# Stock "premium" sound system upgrade, need help.



## blackknight87 (Jul 11, 2011)

Ok so I just bought a 2012 Kia Optima SX with the premium 8 speaker Infinity sound system. For a stock system I have to say it sounds pretty good. But I still have the itch to upgrade. Especially since I have an MS8 laying around. 

Bear with me, I have several questions:

1.) I know the MS8 has a maximum input voltage of around 2.8V (line input) and a maximum input voltage of 15v (speaker level input). Here are the specs:









I will be tapping into my speaker outputs from my stock infinity amp, but how can I determine the voltage coming out of the amp? So I can determine if I can even use the MS8. 









This question is a little more in depth.

2.) The stock system is a 550watt 8 speaker system. It is compsosed of a single 8" DVC subwoofer, front door 6.5" coaxials (driver and passenger), rear door 6.5" coaxials (driver side and passenger side), a 4" center speaker, and a 1/2" tweeter 4" midrange combo in the dash on the left and right side. 
Also shown here









Now to me that sounds like a 10 speaker system and when you look at the amplifier schematics (attached below) you can see there is actually 10 speaker outputs. The left plug shows the 2 channels of outputs to he sub. The middle plug shows outputs to the center and to the mid range right and left. And the right plug shows the outputs for the door speakers and then for the front left and front right (Which I assume these are the tweeter outputs since the ones labeled on the center plug are 'midrange').

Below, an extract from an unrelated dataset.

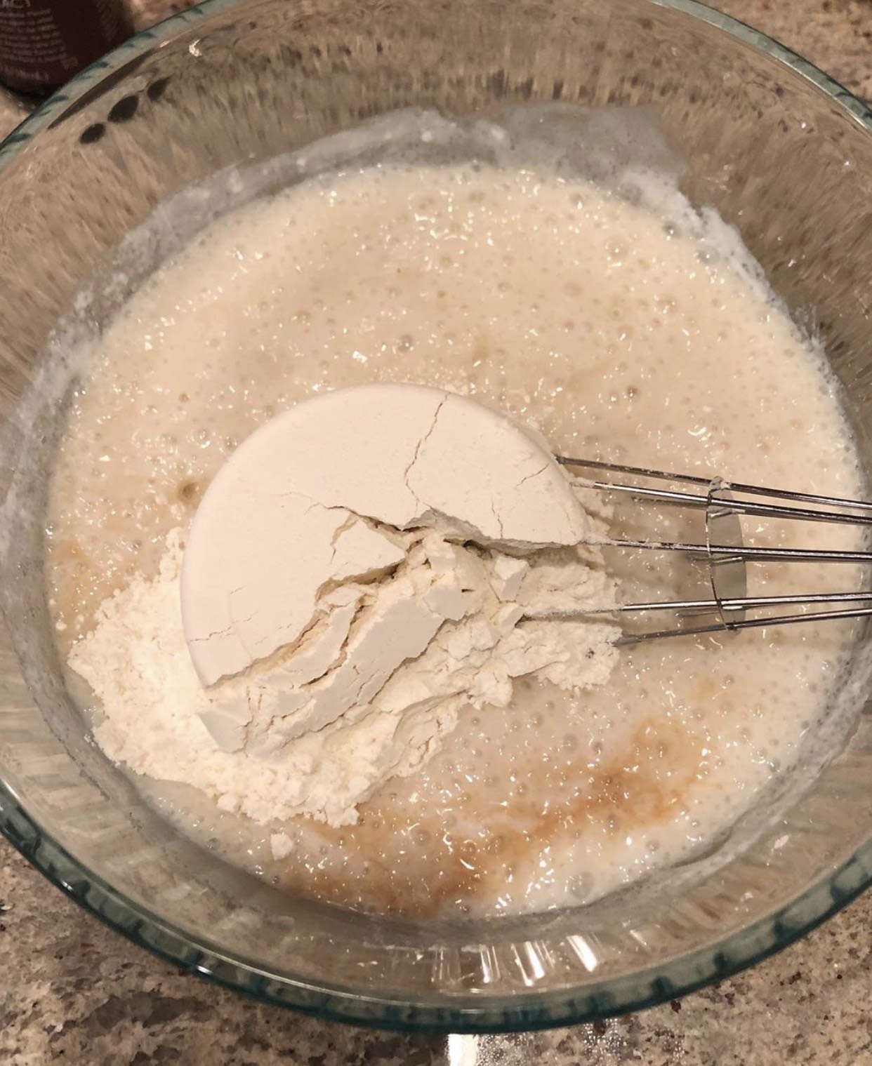 Alternately add the flour(sieve it while adding) and milk (3 tbsp) in small portions, starting and ending with flour, and whisk only till combined.

How the hell should I tap into these to hook up to my MS8. Obviously the MS8 only has 8 channels available for input. What is really throwing me off is the dash midrange/tweeter combo. Because they say its a single speaker but they have two separate outputs for it. And also, for the sub, Should I only tap into one channel of output? Or both.




This is the outputs from the headunit, I assume the SPDIF is the speaker signal digitized. 









I got all of these documents/pics off the kiatechinfo.com website, which shows all the detailed schematics for the vehicle, (very helpful!).

Thanks guys. And sorry for the huge pics.

Later


----------



## blackknight87 (Jul 11, 2011)

No love, c'mon someone gotta help out a newbie.


----------



## minbari (Mar 3, 2011)

from what I know of the MS8, it has the ability to sum all inputs. take the speaker outputs from the connector and feed them into the MS8. then use whatever speakers and amplifiers you like.


----------



## blackknight87 (Jul 11, 2011)

minbari said:


> from what I know of the MS8, it has the ability to sum all inputs. take the speaker outputs from the connector and feed them into the MS8. then use whatever speakers and amplifiers you like.


So if i just grab everything from the "C" connector in the diagram, my MS8 will do the work for me, then i just run my wires to my speakers and call it a day. It will get the sub channel from that too?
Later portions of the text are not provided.